# Product Rating, sort of, Merchant Rating for sure



## Dal300 (Aug 4, 2011)

If it were me and I you, I would be contacting Susan's higher-ups, including the CEO, CFO, BLT, Ham and Swiss on Rye, and whoever else will listen and tell them how she "Went above and Beyond" for you, the customer.


----------



## Skippy906 (Dec 16, 2012)

I have all good things about Grizzly customer service. I have purchased 2-TS, BS, 2-jointers and a scroll saw. If I had any small problems, they handled it right away. Great customer service. 2 thumbs up.


----------



## NiteWalker (May 7, 2011)

Great to hear griz was on top of things. I'm getting that jointer as soon as the weather breaks.


----------



## casual1carpenter (Aug 16, 2011)

kajunkraft, perhaps you should be reviewing the shipper also, LOL, as I would not want that type of delivery service. I am glad you are happy with the jointer purchase even after the rough start from delivery issues.

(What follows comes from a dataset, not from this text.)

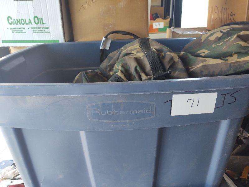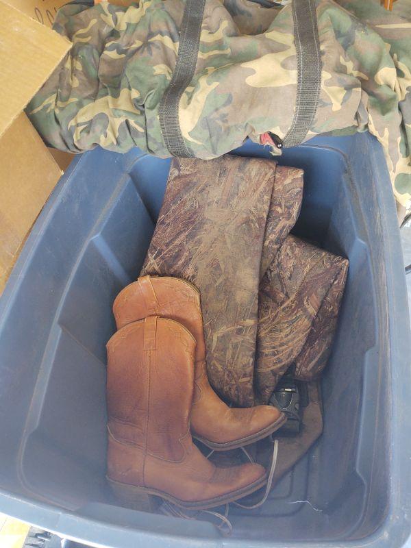 Men's large camo waders, size 9+ boots, bow and arrows(no tips) in blue bin

I have nothing but good to say about anytime that I called grizzly customer service and I believe that they do go above and beyond always, not just on high ticket items but even on questions that are not worth the price of the phone call.


----------



## ssnvet (Jan 10, 2012)

Grizzly certainly does have great CS.

Please post the name of the shipper that failed miserably, so we know who to avoid.


----------



## whitebeast88 (May 27, 2012)

great to hear they have great customer service,although i've never had to deal with them.i know they send out your order quickly which is really nice.


----------



## Dusty56 (Apr 20, 2008)

You didn't mention how long it took to get Box 1 after purchase date. 
If Grizzly was really that concerned, they would have shipped you a second Box #2 and made the Shipper return the first one to them whenever they found it.
That would have 5 star worthy customer service !
How much have you used it in the past 2-3 days since it arrived ?
Kind of hard to tell if you're reviewing the machine or Susan in your review.
Glad you're enjoying your new toy : )


----------



## kajunkraft (May 7, 2012)

I think the first box arrived within about a week from the order date, which is OK and you have to realize that this was right around Christmas/New Years so there was a little disruption there.

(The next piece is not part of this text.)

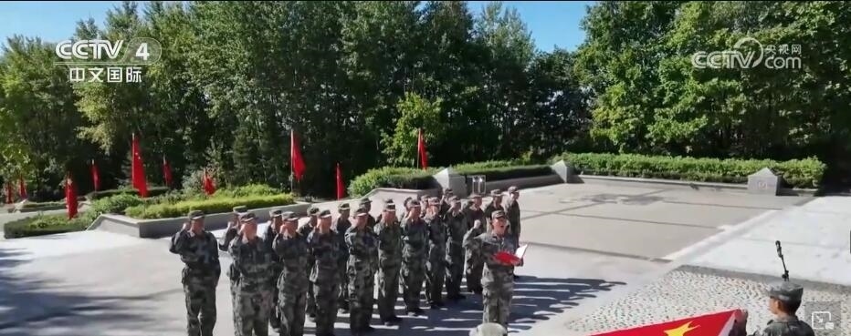 在黑龍江省虎林市第二次世界大戰(zhàn)終結(jié)地紀念園,入伍新兵面向軍旗、高舉右拳,向軍旗宣誓,以此向英雄致敬。在紀念碑前,全體人員整齊列隊,肅立脫帽,向逝者默哀,并敬獻花籃。

The shipping company was SAIA. I didn't have the option of choosing the shipper. Have had decent service from them before though.

Have used the jointer quite a bit now and am having a little trouble with snipe, not at the ends, but almost in the middle. Think I just have to get a little better about transferring pressure from the infeed table to the outfeed table at the right time and in the right way. It also is kinda weird about dust collection. Even with a good connection to a dedicated collector it likes to blow a lot of chips right onto the infeed table. But, it is very quiet and the cut is smooth other than the snipe area.


----------



## UpstateNYdude (Dec 20, 2012)

most of Grizzly's stuff is shipped by UPS freight or Air Freight both suck equally in my opinion, wish they go with Fedex…


----------



## Umpire20 (Jan 13, 2010)

I wish you well with your new jointer. I am in the midst of deciding which jointer I am going to purchase. I am looking at the Grizzly G0452P. I don't really have the need for the spiral cutter head so the 0452 should be sufficient for me.

If any others here have advice / suggestions …..... I'd love to hear it.


----------